About 32 hours after my last loop of WANTED I noticed a distinct drop in its effect
back to more baseline Emperor/PS. Honestly while I still really enjoy the social effects of that custom,
I feel like I’ve tasted the divine and there is no going back. Even though I ran WANTED for only 1 loop two days in a row my experience on it was incredible, and I don’t want to go back to life without it.
I’ve never been so in alignment and impressed by a sub yet. My biggest issue before I got into development was being left out, not being the one picked etc… with out giving a phd on my previous challenges, I’ll just say subs really helped me deal with this powerfully, and be on level playing ground or above, but WANTED just address this issue directly, both in my inner game and my external reality and its for me simply incredible, it brings out my best.
Warning: Long personal rant to journal some present feelings
I’ve been ‘above’ competition with men, either cause I have no need to compete, I think of it as just me and the woman, or I walk away from situations that don’t work for me and it’s no big deal but I’m noticing I’m embracing this part of me that want’s to blow every other guy out of the water when it comes to woman I’m interested in. I think this is parted of WANTED or recon from it now that I’m on an off day.
I noticed some intense specific recon on my day off today, namely this competition aspect and anger, anger at competition with men.
Right as I was present to this, I specifically manifested a situation at a social event today which riled this up—where an ex-friend with benefits of mine’s close female friend, and I got to catch up. Quick backstory- this girl went from being a close friend of men who I hooked up with often and a really close friend of this other girls…to disappearing for weeks a time, acting really really odd increasingly, and then disappearing completely from both our lives. We knew she was caught up in some drama but we cared about her, and there were enough moments when she seemed totally sane and great, so the whole thing was really weird.
It came up in the convo and I found out the back story behind the wholes situation, and it was insane, what I would consider fucked up, and involved a ton of deception and playing everyone on every side.
So no surprise I haven’t seen this chick since starting PCC, about 8 months ago, but I got to say I was amazed at the level of deception and what was actually going on…and it really fucking pissed me off.

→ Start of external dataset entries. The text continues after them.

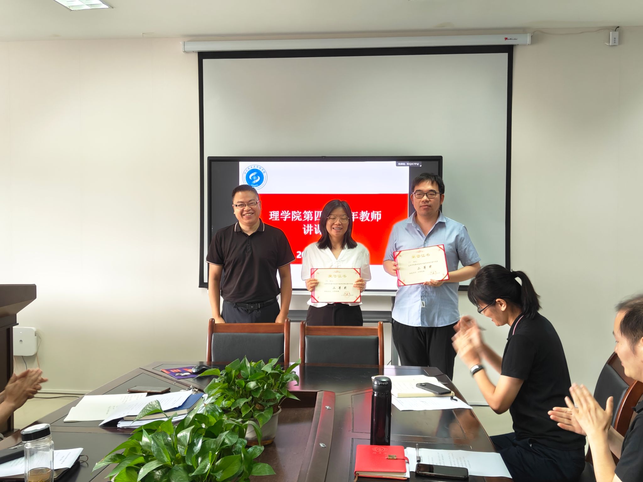 在讲课竞赛环节,参赛对象为入职且承担本科课程课堂教学任务未满3年的6位青年教师,他们分别从各自承担的《概率论与数理统计》《化工原理》《高分子化学》《物理化学》《药物分析》《生物无机化学》课程进行说课和相关章节的教学内容展示,从“狼来了”故事引出贝叶斯公式的推导和应用,从生活中常见的高分子制品的性能和用途阐述自由基共聚合的原理和意义,从本校科研团队的最新研究成果诠释生物无机化学的神奇与奥妙……各位参赛教师着装规范、教态大方,教学课件制作精良且内容设计巧妙,充分展示了扎实的专业功底和与时俱进的教育理念。评委们对充分肯定了学院青年教师积极投身本科教学的热情和赛前精心准备,同时也分别指出了在课程思政融入、教学节奏把握和教学方法运用等方面存在的一些问题,并给出改进建议。最终经评审打分,王芝老师获一等奖、 吴春和王位两位老师获二等奖,李杨、何丽、苏葛鸿三位老师获三等奖。
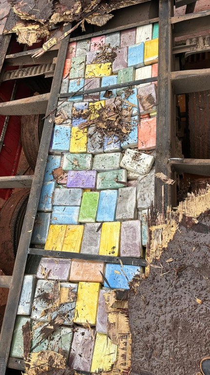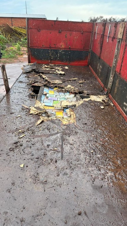Após retirar, com o auxílio de maquinário pesado, a carga de sucatas de ferro do semirreboque, foi possível identificar que havia um compartimento oculto no local identificado com sinais de adulteração. Aberto o compartimento oculto, foram encontrados diversos tabletes da substância entorpecente, totalizando 414,3 kg de droga apreendida.
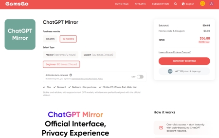 Pros: The biggest pro here is cost-effectiveness combined with privacy. This option was even cheaper per month than the shared account. At the time of writing, the price on GamsGo for Mirror was advertised around $3.68/month (versus $20 officially). That’s incredibly cheap given you still get all the Plus perks. And since you’re not sharing the environment with anyone, you don’t have the privacy concerns of the shared account. Another benefit: no need for an OpenAI account at all - which is great if you were having trouble creating one or getting the payment through on OpenAI’s side. It’s essentially plug-and-play; GamsGo provides the service directly in your browser with one click.
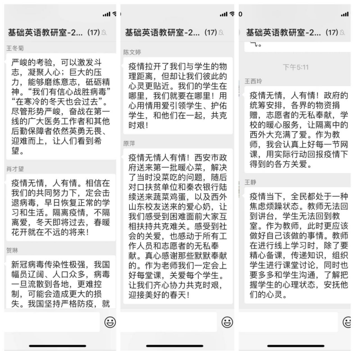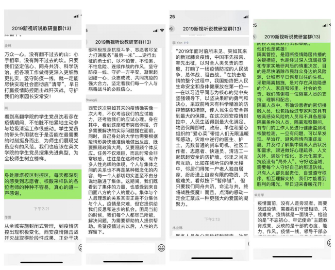 基础英语、视听说教研室(支部)学习结束后,老师们通过微信群进行了讨论。

And the thing is at the time I intuitively knew and didn’t press the issue. Every time in the past I just straight confronted this girl, she would get really pissed off, act all accusatory and then totally become way more real and awesome and be thankful for it. By confront I mean, she would be behaving really weird, and I would say ’ Look, we can hang or not hang but I don’t know why your acting like this, it’s really weird and unusual so what’s up?’ .
Now this girl and I were not exclusive by any means and she owed me nothing necessarily, the red flags were all over the place, but the sexual chemistry was amazing, our relationship was very boundried on one hand , and we were really close friends and seemingly transparent with things and to find out what she was lying about while I was with her was extremely unsettling. It explains a lot of her behavior in retrospect, as she seemed like two different people often.
I’m a very compassion forgiving person normally normally, and I don’t blame or direct my anger at people often anymore but in this case I found all this out by telling our mutual friend to fuck that girl, she was aggressive and lying to both of us, she owed her nothing, and she should just tell me the whole situation.
I’ll look at why it bothers me so much after I embrace the energy of change this anger is pushing me towards, even though it’s almost a year later.
This feels like the next layer of something real deep I need to transform to move more into the life I want, and the man I want to be.
On a similar note
I’m getting extremely social again and social dominance, power is increasingly important to me. PCC is great but I’m transitioning from the self directed power of Emperor and the in the shadows power of PCC to craving/ looking for overt power and being the star -so Khan alongside WANTED is increasingly looking like my near future. I’m going to bite the bullet and resume DR for a final 7 weeks to see through what I started. Will run alongside HERO custom, WANTED, and Emperor/Primal custom, for 3 more weeks and then wealth custom for the final month of DR.
Running 4 subs may or may not work, will adjust as needed.